OpenCyphal / pycyphal

Python implementation of the Cyphal protocol stack.
https://pycyphal.readthedocs.io/
MIT License
117 stars 106 forks source link

OSError No buffer space available during firmware update / large data transfer with socketcan #233

Closed wiboticalex closed 2 years ago

wiboticalex commented 2 years ago

Occasionally during a firmware update Yakut will crash and the socket that pycyphal has created will claim that there is "No buffer space available" aka ENOBUFS.

Traceback:

2022-07-05 18:02:02 0101068 ERR pycyphal.presentation._port._server: Server(dtype=uavcan.file.Read.1.1, input_transport_session=CANInputSession(InputSessionSpecifier(data_specifier=ServiceDataSpecifier(service_id=408, role=<Role.REQUEST: 1>), remote_node_id=None), PayloadMetadata(extent_bytes=300))) task failure: [Errno 105] No buffer space available
Traceback (most recent call last):
  File "/home/alex/.local/share/virtualenvs/uavcan_v1-Kt-sRht1/lib/python3.9/site-packages/pycyphal/presentation/_port/_server.py", line 201, in task_function
    await self.serve_for(handler, _LISTEN_FOREVER_TIMEOUT)
  File "/home/alex/.local/share/virtualenvs/uavcan_v1-Kt-sRht1/lib/python3.9/site-packages/pycyphal/presentation/_port/_server.py", line 182, in serve_for
    return await self.serve(handler, monotonic_deadline=loop.time() + timeout)
  File "/home/alex/.local/share/virtualenvs/uavcan_v1-Kt-sRht1/lib/python3.9/site-packages/pycyphal/presentation/_port/_server.py", line 170, in serve
    await self._do_send(response, meta, response_transport_session, loop.time() + self._send_timeout)
  File "/home/alex/.local/share/virtualenvs/uavcan_v1-Kt-sRht1/lib/python3.9/site-packages/pycyphal/presentation/_port/_server.py", line 309, in _do_send
    return await session.send(transfer, monotonic_deadline)
  File "/home/alex/.local/share/virtualenvs/uavcan_v1-Kt-sRht1/lib/python3.9/site-packages/pycyphal/transport/can/_session/_output.py", line 252, in send
    return await self._do_send(can_id, transfer, monotonic_deadline)
  File "/home/alex/.local/share/virtualenvs/uavcan_v1-Kt-sRht1/lib/python3.9/site-packages/pycyphal/transport/can/_session/_output.py", line 163, in _do_send
    if await self._send_handler(transaction):
  File "/home/alex/.local/share/virtualenvs/uavcan_v1-Kt-sRht1/lib/python3.9/site-packages/pycyphal/transport/can/_can.py", line 329, in _do_send
    num_sent = await self._maybe_media.send(
  File "/home/alex/.local/share/virtualenvs/uavcan_v1-Kt-sRht1/lib/python3.9/site-packages/pycyphal/transport/can/media/socketcan/_socketcan.py", line 153, in send
    raise err
  File "/home/alex/.local/share/virtualenvs/uavcan_v1-Kt-sRht1/lib/python3.9/site-packages/pycyphal/transport/can/media/socketcan/_socketcan.py", line 139, in send
    await asyncio.wait_for(
  File "/usr/lib64/python3.9/asyncio/tasks.py", line 479, in wait_for
    return fut.result()
  File "/usr/lib64/python3.9/asyncio/selector_events.py", line 441, in sock_sendall
    n = sock.send(data)
OSError: [Errno 105] No buffer space available

I have found that patching pycyphal's transport/can/media/socketcan/_socketcan.py in _make_socket with

_SO_SNDBUF = 7
s.setsockopt(socket.SOL_SOCKET, _SO_SNDBUF, 1)

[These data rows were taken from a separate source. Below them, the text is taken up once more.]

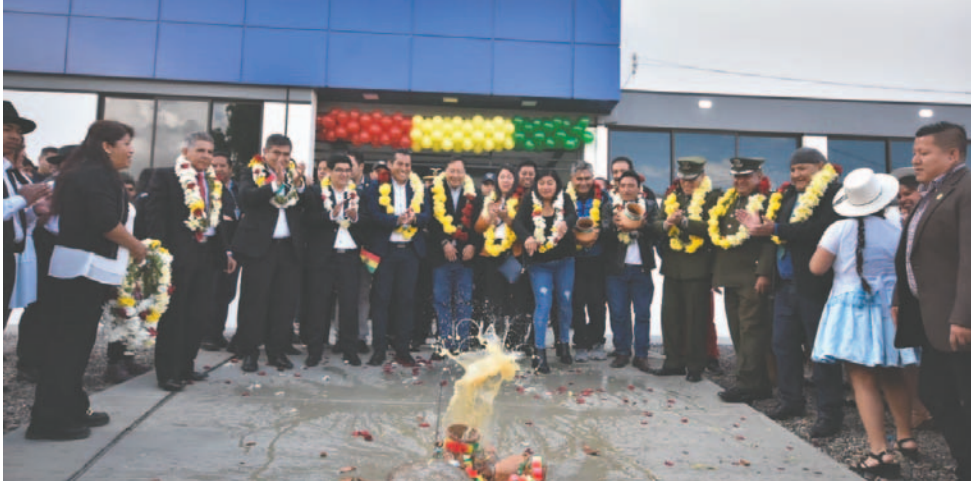
El Presidente Arce y otras autoridades en el inicio de las actividades educativas
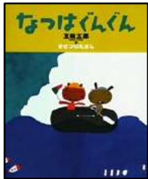
『なつはぐんぐん』 五味太郎/作 小学館より
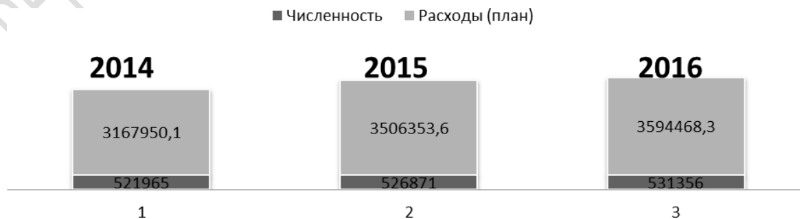
Рисунок 1 – Соотношения численности населения города Гомеля и расходов бюджета за 2014–2016 гг.

Данные таблицы 1 и рисунка 1 показывают, что рост численности населения влечет за собой и рост расходов бюджета. Однако темп роста расходов бюджета г. Гомеля (2015 г. к 2014 г. – 110,7 %; 2016 г. к 2015 г. – 102,5 %) выше, чем темп роста численности населения (2015 г. к 2014 г. и 2016 г. к 2015 г. – 100,9 %).
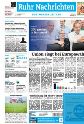
Titelfuß 2sp./100 mm
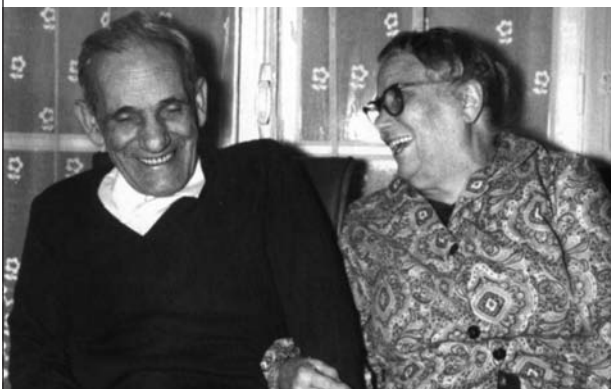
Cipriano Mera en exil à Paris.

C'est alors que la guerre civile prend le pas sur la révolution et les milices sont militarisées, Cipriano Mera accepte difficilement cette transformation. Sans accepter réellement ce tournant politique, il y voit néanmoins un moyen de sauver des vies et de rendre les affrontements militaires plus efficaces.
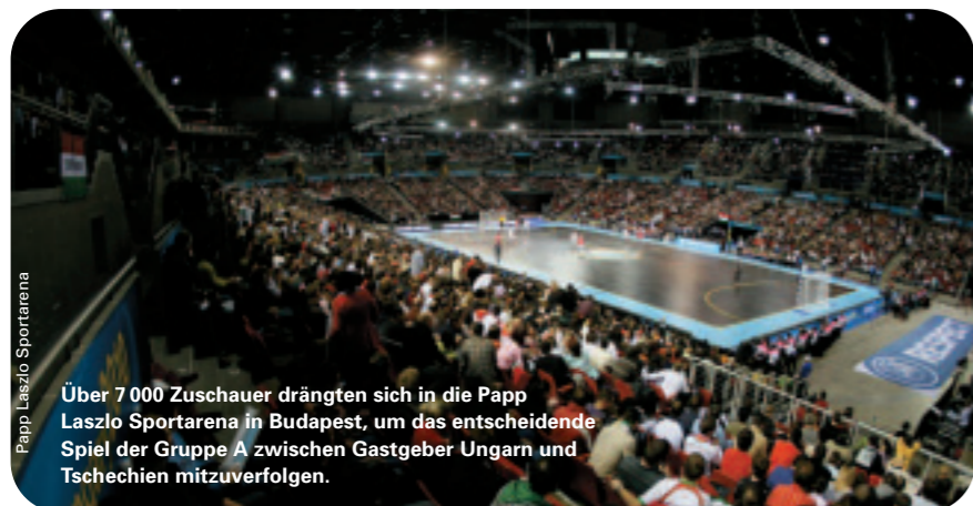
Über 7 000 Zuschauer drängten sich in die Papp Laszlo Sportarena in Budapest, um das entscheidende Spiel der Gruppe A zwischen Gastgeber Ungarn und Tschechien mitzuerleben.

Am Ende war alles wie gewohnt. Und doch war Ungarn 2010 komplett anders als die vorherigen fünf EM-Endrunden. Durch die Erweiterung des Turniers auf zwölf Teams rückten mehr Spieler und Trainer ins Rampenlicht, und durch den Spielmodus mit vier Dreiergruppen und der Einführung von Viertfinalbegegnungen präsentierte sich die Endrunde in sportlicher und logistischer Hinsicht in einem neuen Kleid.
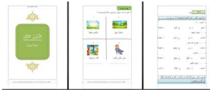
الصورة ٥. المواد و تدريبات

يوجد في هذا القسم أربعة الفصول من الدروس حيث يوجد في كل فصل مادة و تدريبات ، عرض المواد من كل فصل و أحد التدريبات كما يلي

allows updates (and I assume other large data transfers) to occur with no issues from my testing. I assume a proper fix using this method would probably set SNDBUF to something greater than 1 though.

There is some discussion of this issue in section 3.4 of http://rtime.felk.cvut.cz/can/socketcan-qdisc-final.pdf, although I found that I did not have to adjust the default queue length of 10 in my case even with using the minimum SNDBUF.

A couple other ways that this could be worked around that I found are increasing the default queue length (although is just hiding the issue?) or adding some retry logic to the send function when OSError's errno == errno.ENOBUFS.

Any thoughts?

pavel-kirienko commented 2 years ago

As I understand it, the two solutions are both technically valid: either reduce the SO_SNDBUF size such that it is no greater than twice the size of the TX queue (multiplied by the CAN frame control structure size) or increase the TX queue size to the same effect. I normally use the latter:

https://gist.github.com/pavel-kirienko/32e395683e8b7f49e71413aebf5e1a89#file-setup_slcan-L101

But we can easily modify PyCyphal to set SO_SNDBUF to some small value to make the default-size txqueuelen block correctly as well. What you suggested is correct, except that setting the SNDBUF to 1 byte seems arbitrary -- the kernel will override that setting to some minimum anyway, so you could just as well use zero.

Would you send a pull request?